For Mike Seberger, a project manager in the United States, whose screenshot of a “jet-shaped object” went viral on Tuesday but was later confirmed to be the image of a boat, it is the hope that the families would get some closure soon that keeps him going.
"Initially I felt really excited because my image so closely resembled the scale and shape of a 777-200, and it was in that excited mindset that I wrote the CNN iReport hoping to get someone to examine it.
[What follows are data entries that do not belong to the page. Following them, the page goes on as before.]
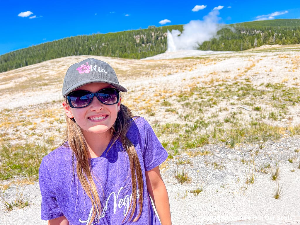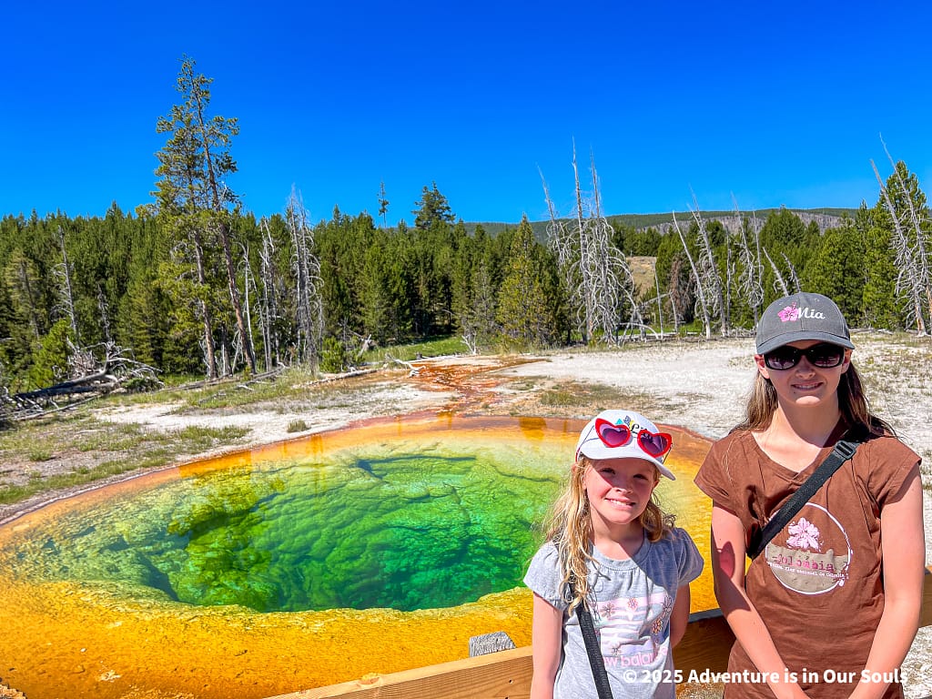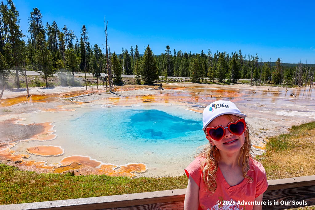 Morning Glory Pool is one of the basin’s most iconic features. Its deep blue center surrounded by green and gold rings is caused by heat-loving bacteria called thermophiles, which thrive in different temperature zones around the pool. The vibrant colors make it feel almost like a painter’s palette come to life. The girls were enchanted by the way the colors changed depending on the angle of the sun and the shadows around the pool, sparking endless questions about how life can survive in such extreme conditions.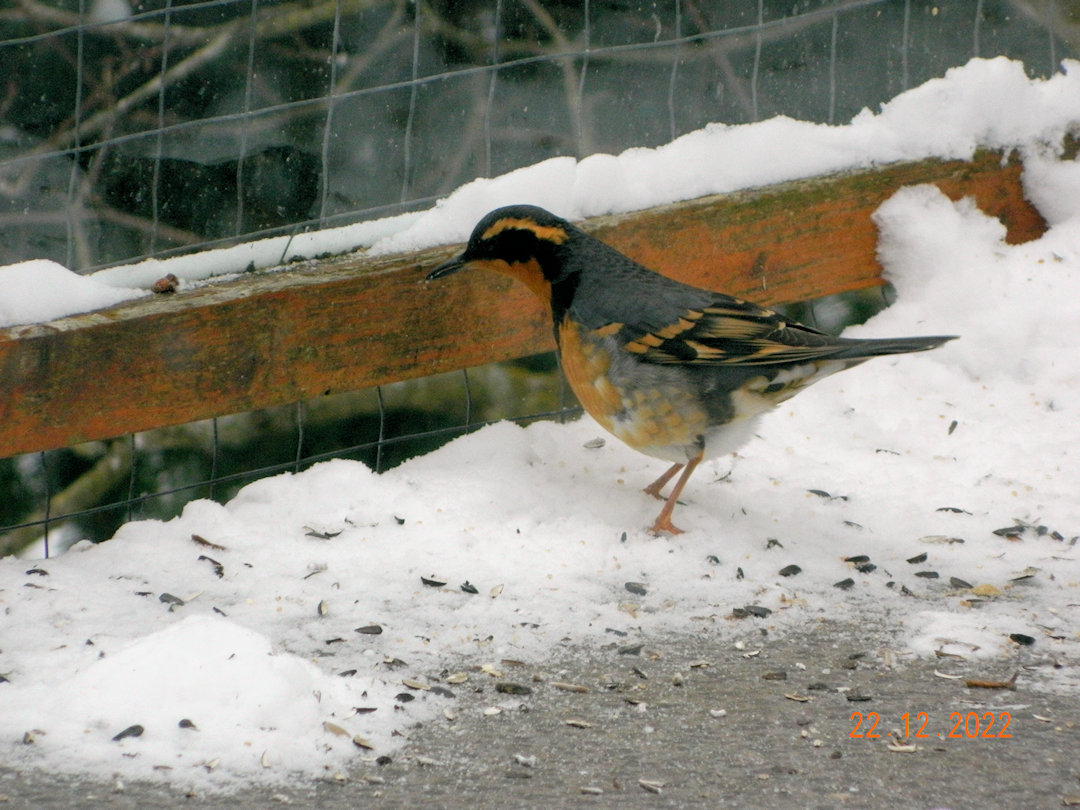 This is a male varied thrush. Only the second time we've seen them here.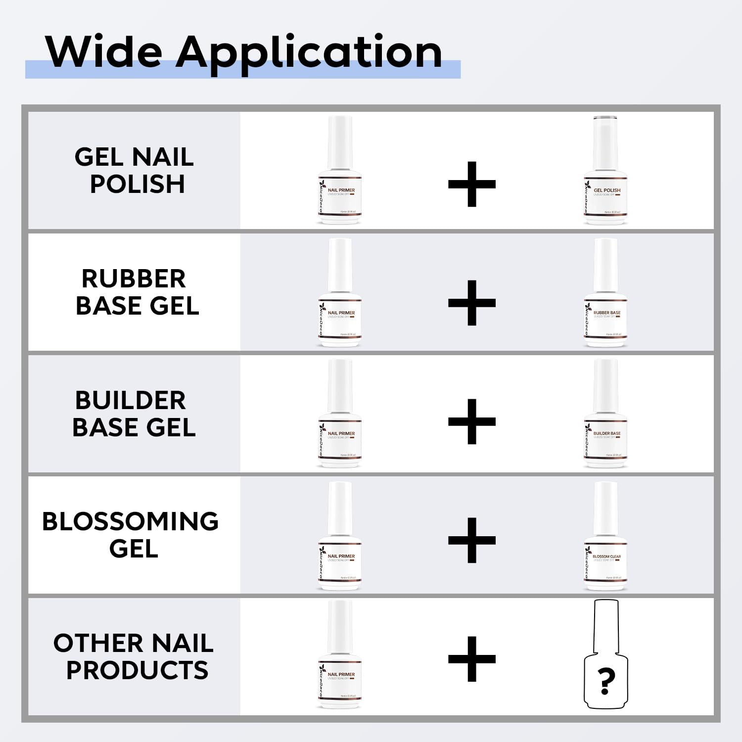 - Works with All Mani-Products: Compatible with all nail art products, including gel nails, acrylic powder, extension gel, cuticle oil, and more! Our primer works great with leading brands and liquid systems, making it the ideal addition to your nail kit.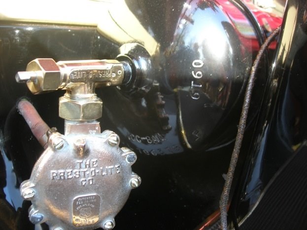 I have recently come across an acetylene cylinder without an markings. I have seen some previously with the "Prest-o-lite" script rolled in the shell but this one has nothing. The valve at the top is offset and it has the gauge concealed within the base as would a running board tank. It is 6 & 1/4" in diameter and 20" tall/long which I think is about right ? but it weighs about 28 lbs. Is it a correct tank for T or something else ?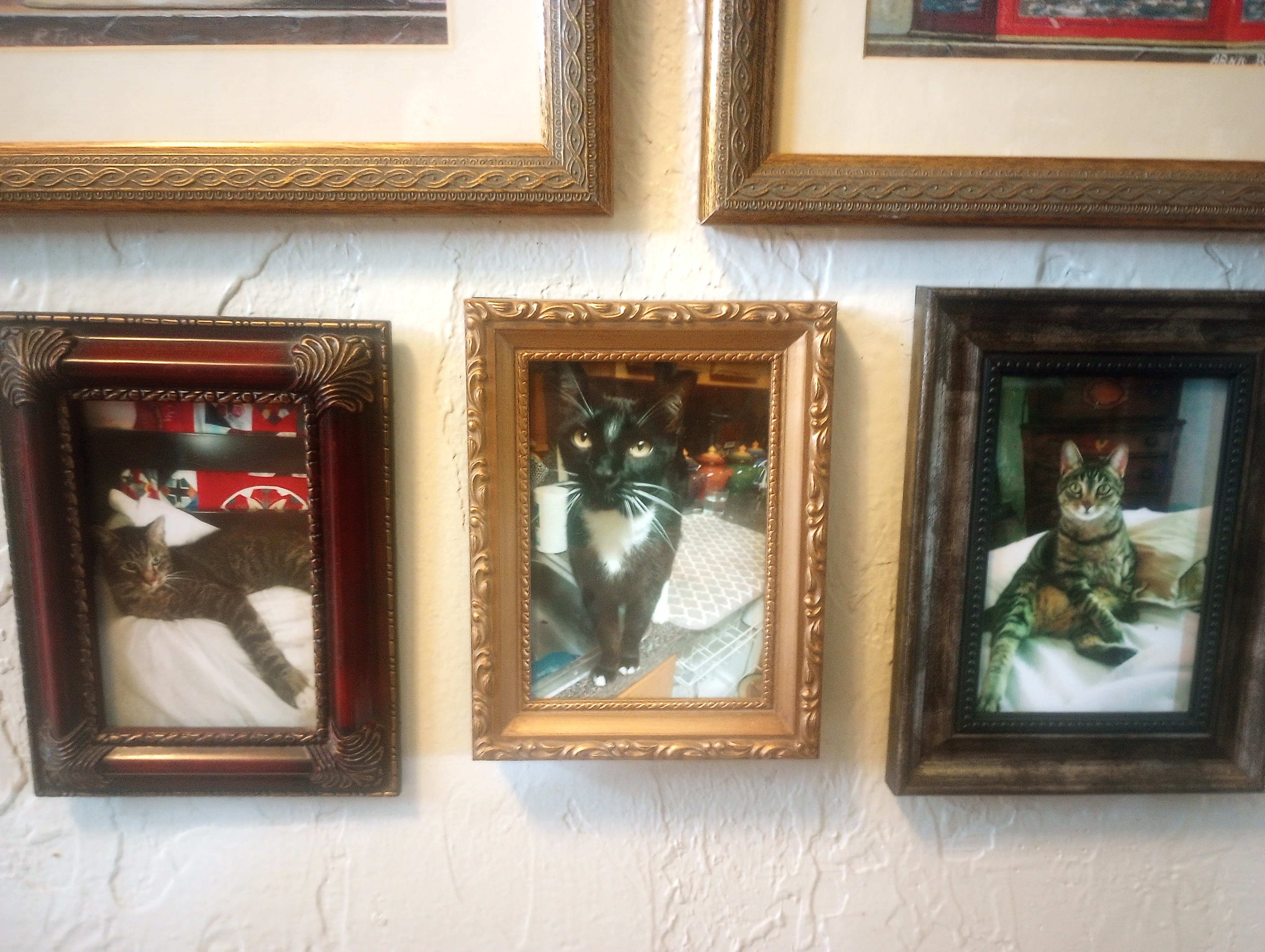 Just because we have 2 newer cats doesn’t mean that we will ever forget our sweet babies that have passed on. I didn’t want the other cats to forget them either so we did a homage to them. I put them above the cats food station and I have caught Milo looking at them.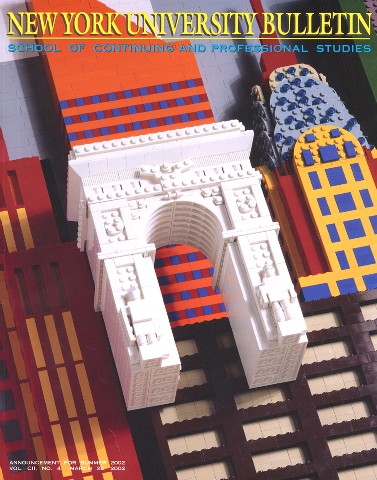 | I did the cover art for the spring 2002 NYU bulletin. It was a collaborative commission with fellow LEGO sculptor Eric Harshbarger. (Click on the image for a closeup view of the front and back cover) |

"I even had people claiming to be aerospace engineers email me overlays supporting the photo being a match for the plane. But after cooling down a bit, and thinking it through more logically, it makes more sense for it to be a boat, unless my satellite image was captured while the plane was floating, which seems unlikely given the time-stamp on my image, or submerged in very shallow water, but that also seems unlikely," he told The Guardian.
He admitted that with each passing day, some margin of hope disappears.
"What seems evident at this point is that the plane and people are gone, though the specific location, cause, and other circumstances are still very mysterious. In that sense, my thoughts and prayers are with the families and I truly hope they get some closure soon, and if I or the Tomnod user community at large can help in that closure, that’s great."
Anja Meilonen, from Belgium, told The Guardian that she had been searching on Tomnod for a couple of years and had helped map Typhoon Haiyan in the Philippines and searched for a missing plane in Arkansas as well as a lost boat at sea in New Zealand.
"I think it’s great that satellite images are provided for free and I don’t mind not being paid to offer some of my free time for a good cause! I started searching on March 10 and spend at least two to three hours every time I start searching.
"I started looking for the plane as soon as I received Tomnod’s email alert on March 10 and spent quite some hours on it already. I really hope the plane will be found, so relatives of the missing people can get answers. It must be horrible to have someone you love and care for on the plane and not knowing what happened," she said. – March 15, 2014.